Elastic net is a combination of Ridge and Lasso where by the user can choose how much of one or the other to add. I was planning on using grid search to tune this. My confusion is i can tune this parameter so that it basically should make elastic net = ridge. But it doesn't..... Although i can make it the same to Lasso.

A consideration for all the above is that your xdata should be normalized so that mean =0 and std is constant for all data so that the scale of p1 and p2 is consistent (else certain terms will be chosen over the other just because the data has a larger range). Although all my xdata is normalized I am not sure if whatever earth exposes via the pipeline to ridge, elastic net or lasso is. Is it just fitted and before fitted data? or does it include hinges or something like that?

I find pipelines a bit hard to understand what is actually going on... many thanks

[jcrudy]

@Fish-Soup I'm not sure why the Elastic Net isn't behaving as expected. Perhaps the scikit-learn people can give you advice on that. In general, you can perform the steps of the Pipeline manually as follows (code untested):

model1 = Earth()
model1.fit(X, y)
model2 = StandardScaler()
model2.fit(model1.transform(X), y)
model3 = ElasticNet()
model3.fit(model2.transform(model1.transform(X)), y)
y_pred = model3.predict(model2.transform(model1.transform(X)))

That's really all it does. You can use this breakdown to debug your pipeline more easily.

[Fish-Soup]

Cool sorry to take so long to reply. It appears that one of the columns generated in model1.transform(X) is a set of one's. Which obviously can't be normalised. This doesn't seem to make much sense to me now I'm putting it down in writing. I'll check again in the morning.

[jcrudy]

@Fish-Soup One of the out columns from an Earth model's transform method is a constant, representing the intercept term. If that's what's causing problems, you could add a stage to remove it, as it's unnecessary as an input to the ElasticNet.

[Fish-Soup]

so It turns out my mistake was assuming that the alpha parameter in elastic net was the same as the one in ridge regression. because of the way it's structured.

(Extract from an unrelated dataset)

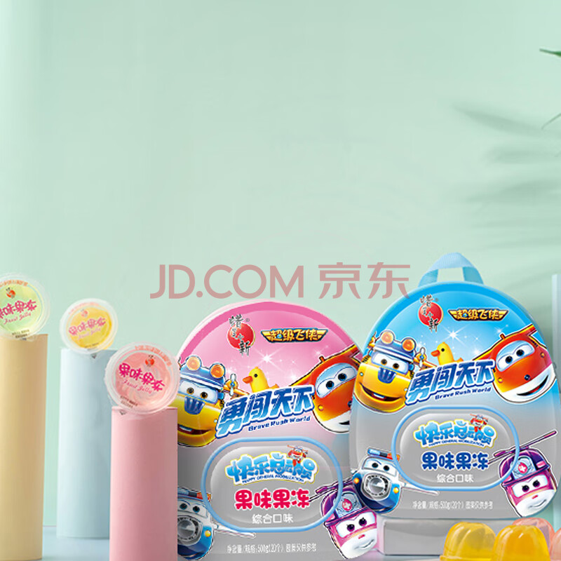 商品相册:蜡笔小新 超级飞侠果冻 500g 儿童背包 多口味 零食礼包 2款随机发第

fitting mars net is twice as fast as mars in the case we know the hyperparameters. doing a grid search over 100 by 10 for the 2 hyper parameters results in consistent fits between approaches.

in the case where not much regularization is required Mars is faster. in the case where there is lots of regularization mars net is faster.

as I am updating my models daily I plan to store my hyper parameters and periodicly test them. thus mars net will be faster. I'm also tempted to not refit the mars component of mars bet every time. I'm which case it will be factors of 100 faster.